Whatever Happened to Photon Rockets?

http://www.armaghplanet.com/blog

Could humanity ever travel to the stars? Today this is an unattainable dream but world-wide researchers are studying the possibilities of starships. One concept for an interstellar craft is the photon rocket, an idea once popular but less prominent today. What happened to this appealing idea for voyaging into deepest space?



Artist’s impression of a photon rocket starship. Visible components of the  vehicle are the crew quarters at the tip of the craft’s spine, two plate structures intended as a radiation shield, two propellant tanks and the huge parabolic reflector. The little tubes spaced around the reflector are more conventional rocket devices for use maneuvering near habitable worlds. This would be a huge vehicle, perhaps kilometres in length. (Image credit: artist unknown, via http://www.daviddarling.info/encyclopedia/P/photon_propulsion.html)

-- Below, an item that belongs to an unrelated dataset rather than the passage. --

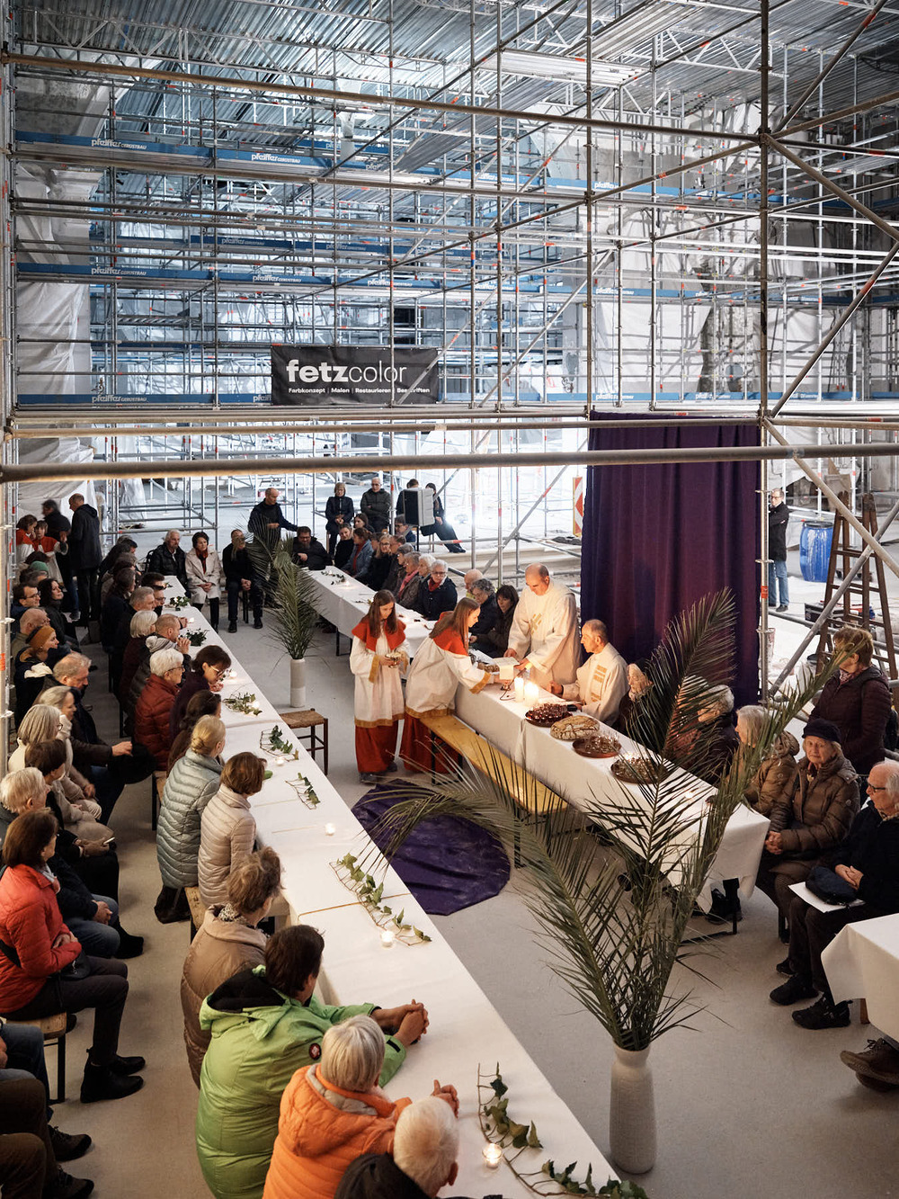 Also wurde am Gründonnerstag kurzerhand eine große Tafel zwischen den Gerüsten aufgebaut. Die Menschen kamen und es wurde Gottesdienst gefeiert. Eine wirklich gelungene Hinführung auf Ostern!

The photon rocket concept was the brainchild of Eugen Sänger (1905-64) who is better remembered today for the so-called Silbervogel, a spaceplane bomber concept briefly studied by the Luftwaffe in WW2. Postwar Sänger continued to explore innovative aeronautic and astronautic ideas and was the first to propose the use of electron-positron annihilation for propulsion as a photon rocket. This was pure speculation, a thought-experiment assuming technology could be taken to the limits. It was never meant as near-future possibility.  He revealed his ideas in 1957 and the idea was widely published. Artists’ impressions of photon rocket starships were common in the sort of coffee table books promoting the wonders of space and astronomy I lapped up in the 1970s. One of these books was Patrick Moore and David A. Hardy’s New Challenge of the Stars (1977); I still remember the impact made on me by its painting by Hardy of an elegant “Photon Star-Ship” approaching a planet near the Trifid Nebula (the vehicle in the artwork above is very similar to the one in Hardy’s painting, I wonder if both artists shared a common inspiration).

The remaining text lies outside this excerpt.